German court partially overturns smoking ban

July 30, 2008 8:21:55 AM PDT
Germany's highest court partially overturned bans on smoking in bars Wednesday, ruling that states must either ban smoking in all restaurants and pubs or offer exceptions for single-room establishments.Smoking laws in German bars are set individually by each of the 16 states. A patchwork of legislation has taken effect across the country - traditionally one of western Europe's more nicotine-friendly nations - over the past year.

Most states allow larger establishments to cordon off separate rooms for their smoking patrons.
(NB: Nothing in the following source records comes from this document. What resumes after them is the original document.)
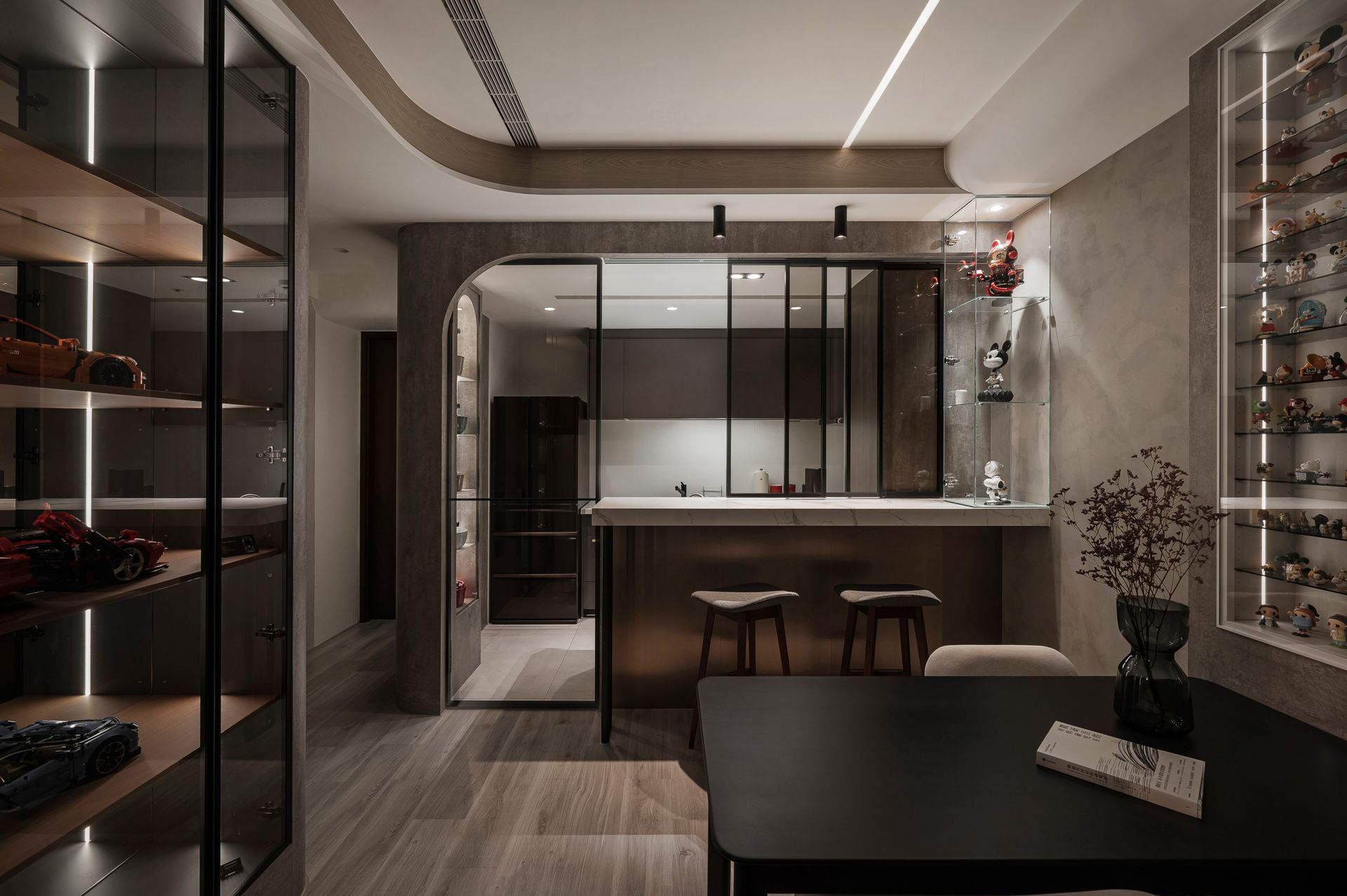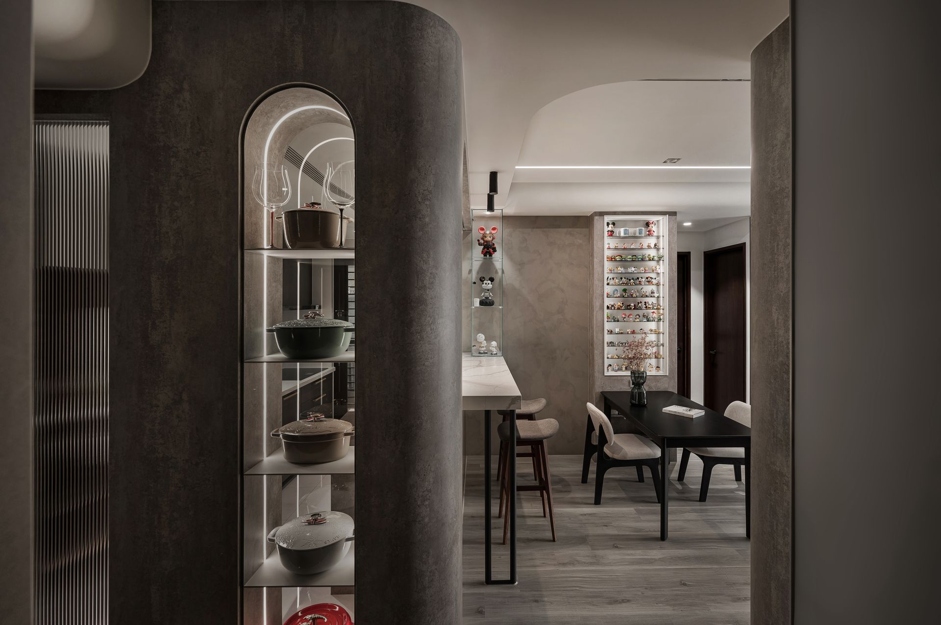 餐廳中,木製餐桌與薄型收納展示櫃相得益彰,展示櫃上擺放著珍貴展示品,下方則收納餐具與調味料,充滿了家的溫馨與藝術感。
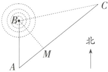 19. 应用意识 如图,城市A的正北方向50 km的B处,有一无线电信号发射塔.已知,该发射塔发射的无线电信号的有效半径为100 km,AC是一条直达C城的公路,从A城发往C城的班车速度为60 km/h.
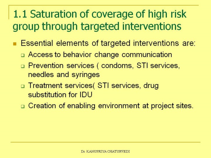 Prevention is the mainstay of the strategic response to HIV/AIDS in India as 99 percent population of the country is uninfected. The HIV prevalence pattern in the remaining one percent population largely determines the prevention and control strategy for the epidemic in the country. The HIV prevalence trend in the country shows disproportionately higher incidence of the infection among certain population groups. An analysis of Annual Sentinel Surveillance data (2003-2005) shows that female sex workers (FSWs), men-who- have-sex-with-men (MSM) and injecting drug users (IDUs) have disproportionately higher incidence of HIV infection. Whereas HIV prevalence in the general population is 0.88 percent, its prevalence among FSWs is 8.44%, IDUs 10.16%, MSM 8.74% and among the attendees of STD clinics it is 5.66%( see the table below). To gain control over HIV/AIDS spread in the country therefore effective interventions are needed for HRGs. Targeted Interventions for Prevention, Care and Treatment For the overall reduction in the epidemic, targeted interventions (TIs) are aimed to effect behaviour change through awareness raising among the high risk groups and clients of sex workers or bridge populations. These interventions are aimed to saturate three high risk groups with information on prevention; address clients of sex workers with safe sex interventions, and build awareness among the spouses of truckers and migrant workers, women aged 15 to 49 and children affected by HIV or vulnerable population groups. Apart from prevention of HIV infection, TIs facilitate prevention and treatment of sexually transmitted diseases as they increase the risk of HIV infection, and are linked to care, support and treatment services for HIV infected |
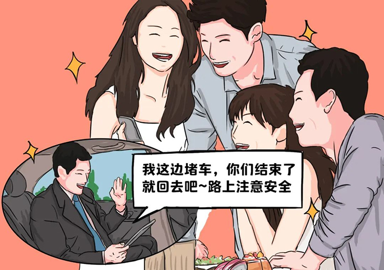 同事围坐在一桌,菜陆续开始上,正在尴尬还要等多久,最年长的员工就收到了消息,说领导让大家先吃,自己预计还得半个小时。计划赶不上变化,周五的晚高峰,领导这边的车子在路上堵得一动不动。真是恨不得弃车狂奔,但看着距离还有10公里,眼瞅着是来不及了,领导果断私聊老员工,交代结账和发票的事情。又生怕大家傻愣愣干等着,于是发群消息:大家不好意思,这次聚餐我赶不上了,吃完后你们自行安排回家,路上注意安全。
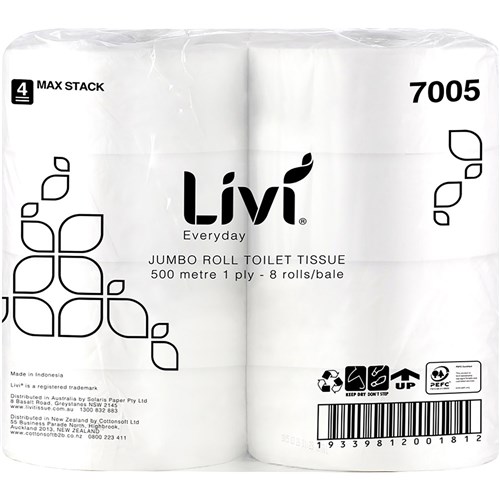 Livi Basics Toilet Paper Rolls 1 Ply Jumbo Roll 500m Box 8
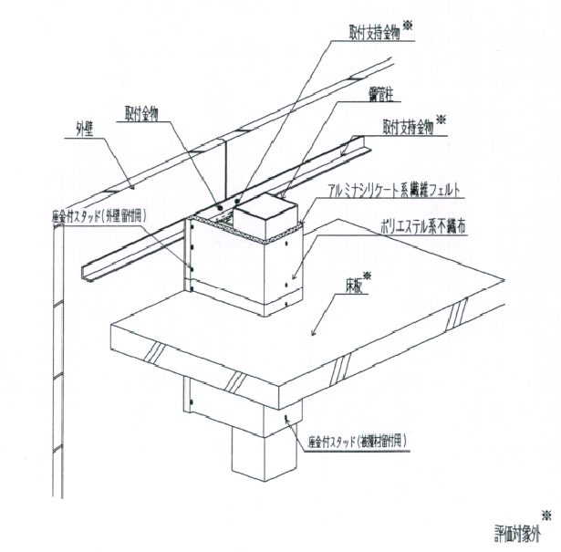 ALCパネル/アルミナシリケート系繊維フェルト合成被覆/鋼管柱 |
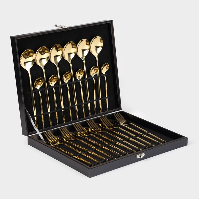 Столовые приборы из нержавеющей стали «Оску», 24 предмета, в коробке, цвет золотой
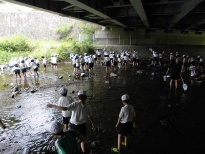 学年で小畑川へ行きました。そこで,水の中に住む生き物について調べました。水の中に足を入れると,子どもたちは嬉しそうにしていました。
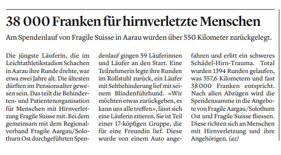 - 09.2023 Aarauer Nachrichten: Der erste FRAGILE Spendenlauf war ein voller Erfolg!
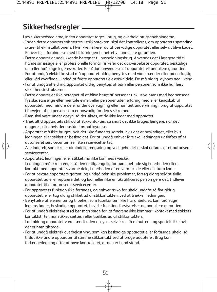 - Cet appareil est destiné uniquement à un usage domestique. Son utilisation prolongée à des fins commerciales et professionnelles risque de surcharger l'appareil et d'endommager celui-ci ou de provoquer des blessures corporelles. Une utilisation dans de telles conditions annule la garantie de l'appareil. - Pour éviter les chocs électriques, n'utilisez jamais l'appareil avec les mains mouillées ou sur une surface humide ou mouillée. Evitez de mouiller les composants électriques de l'appareil et ne les plongez jamais dans l'eau. - Pour éviter les accidents, ce produit ne doit pas être utilisé par un enfant ou par toute personne n'ayant pas lu les instructions. - Cet appareil n'est pas prévu pour être utilisé par des personnes ( y compris les enfants ) dont les capacités physiques, sensorielles ou mentales sont réduites, ou des personnes dénuées d'expérience ou de connaissance, sauf si elles ont pu bénéficier, par l'intermédiaire d'une personne responsable de leur sécurité, d'une surveillance ou d'instructions préalables concernant l'utilisation de l'appareil. - Il convient de surveiller les enfants pour s'assurer qu'ils ne jouent pas avec l'appareil. - Débranchez toujours l’appareil dès que vous cessez de l’utiliser, lorsque vous le nettoyez ou en cas de coupure de courant. - N’utilisez pas votre appareil s’il ne fonctionne pas correctement, s’il a été endommagé ou si le câble d’alimentation ou la fiche sont endommagés. Afin d’éviter tout danger,faites-les obligatoirement remplacer par un centre de service agréé (voir liste dans le livret service). - Toute intervention autre que le nettoyage et l’entretien usuel par le client doit être effectuée par un centre de service agréé.- Ne mettez pas l’appareil, le câble d’alimentation ou la fiche dans du liquide. - Ne laissez pas le câble d’alimentation pendre à portée de mains des enfants, être à proximité ou en contact avec les parties chaudes de l’appareil, près d’une source de chaleur ou sur un angle vif. Utilisez l’enrouleur de cordon pour le ranger. - Pour conserver la garantie de l'appareil et éviter tout problème technique, n'essayez jamais de démonter ou de réparer vous-même l'appareil et ne laissez aucune personne non qualifiée le faire. Portez l'appareil dans un service après-vente agréé. - Ne déplacez ni ne débranchez jamais l'appareil en tirant sur le cordon d'alimentation pour ne pas altérer le bon fonctionnement de l'appareil et éviter tout risque d'accident. - L'utilisation d'éléments et d'accessoires non recommandés par le fabricant peut provoquer des blessures corporelles, endommager l'appareil, entraîner son mauvais fonctionnement et annuler sa garantie, - Pour éviter les chocs électriques, assurez-vous que vos doigts n'entrent pas en contact avec les broches de la prise lorsque vous branchez ou débranchez l'appareil. - Ne laissez pas l'appareil en fonctionnement ou branché sur sa prise lorsque vous vous éloignez, même pour quelques instants, surtout en présence d'enfants. - Ne branchez pas d'autres appareils sur la même prise secteur en utilisant des adaptateurs, afin d'éviter toute surcharge électrique susceptible d'endommager l'appareil ou de provoquer des accidents. N’utilisez un prolongateur qu’après avoir vérifié que celui-ci est en bon état.
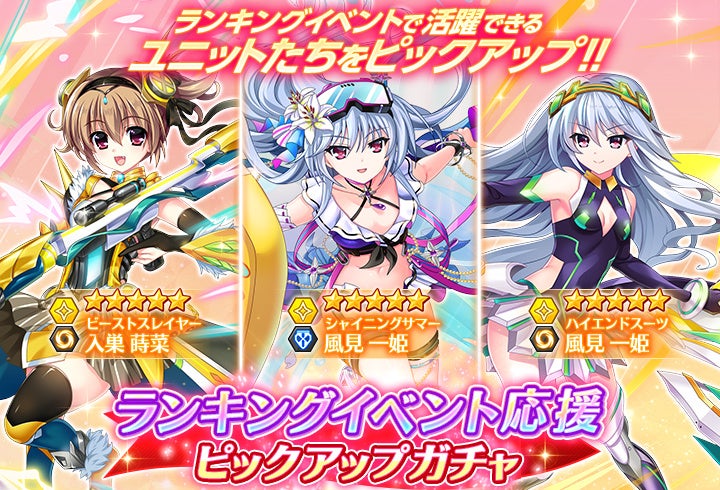 今回は2つに分かれたガチャでそれぞれ3人ずつをピックアップ!ランキングイベントで活躍できるユニットたちを編成してパーティを強化しましょう!
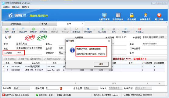 存在預(yù)收定金并已結(jié)銷的已完成狀態(tài)的訂單,紅沖單據(jù)的時(shí)候會(huì)提示“紅沖單據(jù)失敗,當(dāng)前訂單的預(yù)付款已結(jié)銷,不能刪除”如下圖所示:
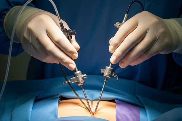 Abordagem minimamente invasiva com pequenas incisões e câmera de alta definição,
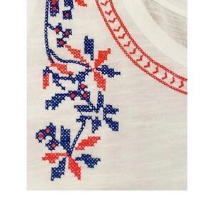 NWT Old Navy White Peplum Sleeveless Women Top with Blue and Red Embroidery
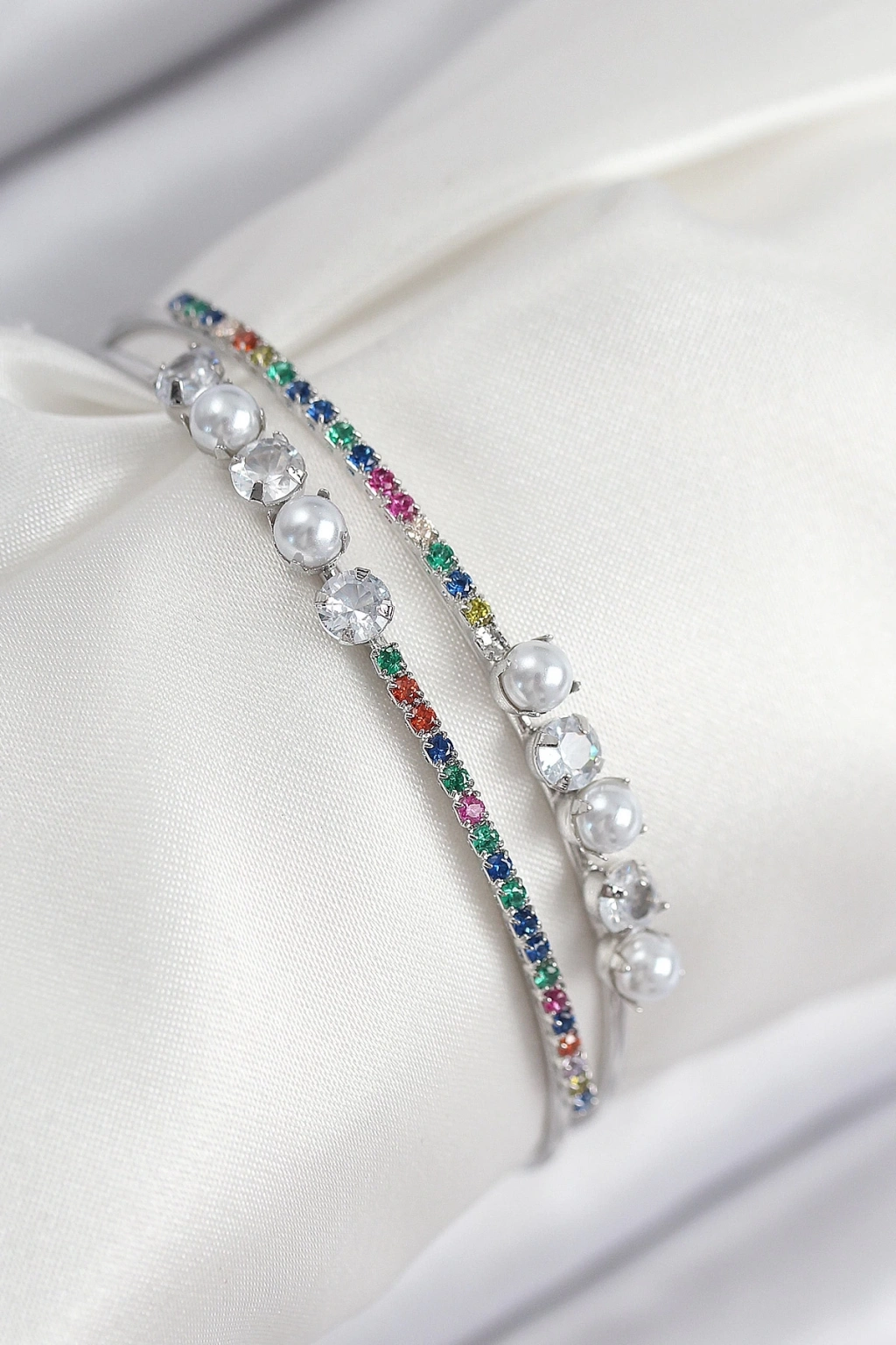 ® Pirinç Zirkon Taşlı İnci Model Gümüş Renk Kadın Bileklik
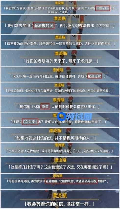 首先,我们可以从碎片中得知,漂流瓶不只发出了三个。我们拾取到的或许只是众多漂流瓶中的几个,而漂流瓶的主人是想通过这种方式寻找一个音讯全无的友人。其中【战争】与【大御所大人的雷霆号之怒】说明了漂流瓶的主人处于战乱之中,无法亲自去大陆其他地方寻找他的友人。或许也只有这样,才能理解他丢出一个又一个瓶子的用意。
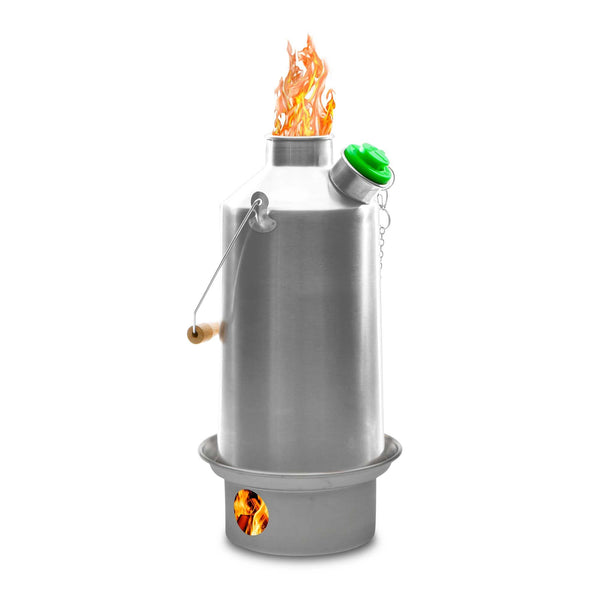 The Kelly Kettle Base Camp stainless steel camp kettle boils approximately 54 oz of water at a time - that? nine 6 oz. mugs of water for camp coffee, tea or hot cocoa. The Kettle will bring water to a boil within a matter of minutes. Suitable for use at your ?ase camp car camping, scout camps, picnics, hunting, outfitters outposts. The kettles are ideal for emergency preparedness kits, humanitarian aid stations, or anyone working in the forests or the great outdoors. Fire base and drawstring carrying bag are included with each Kelly Kettle. The durable stainless steel fire base inverts up into the bottom of the kettle to make the unit as compact as possible for transport and storage. The Green Whistle will sound a nice loud whistle to let you know when the water has boiled. Older Kelly Kettles may have an Orange Rubber or Cork Stopper. These MUST ALWAYS be removed before using the kettle. The Kettle must never be boiled with these older stoppers in the spout, but the new camping kettle with whistle can be left in while the water is boiling. All Kelly Kettle products are the best kettle for camping as they work extremely well in all weather conditions. They are a vital piece of camping equipment for any outdoor adventure. Extremely dependable as they have no moving parts to fail or break. Never pack fuel again and save money. The Kelly Kettles are cost free to run and eco-friendly as they use all natural fuel such as twigs, dry grass, heather, birch bark, pine cones, dry animal dung, etc. such as sticks, twigs. Add the Kelly Kettle Pot Support and Cook Set to your gear and prepare small amounts of food like noodles, rice, oatmeal, eggs, and hydrate food over the kettle while your water boils. Boil water and cook food at the same time using only a handful of fuel! Better yet, grab a Kelly Kettle Hobo Stove accessory and turn the fire base of your kettle into a stand-alone wood fueled camping stove.

But the Federal Constitutional Court in Karlsruhe ruled that practice is unconstitutional, because it discriminates against smaller establishments.

The court was ruling on appeals brought by owners of one-room pubs in two states, Berlin and southwestern Baden-Wuerttemberg, but the court ordered all states to review their laws.

It gave state parliaments until the end of 2009 either to ban smoking entirely or to create new exceptions for one-room bars - some of whose owners have complained that bans have prompted their regular customers to stay away.

In the meantime, one-room pubs can allow patrons to light up again - provided they broadcast their smoke-friendly status and turn away people under 18, the legal age to buy cigarettes.

Sylvia Thimm - the owner of Doors, a one-room Berlin pub, and one of the plaintiffs - welcomed the decision. "I am satisfied all around," she said.

Still, small bars may be forced to ban smoking anew if states address the ruling by banning smoking more uniformly - as nonsmoking advocates hope.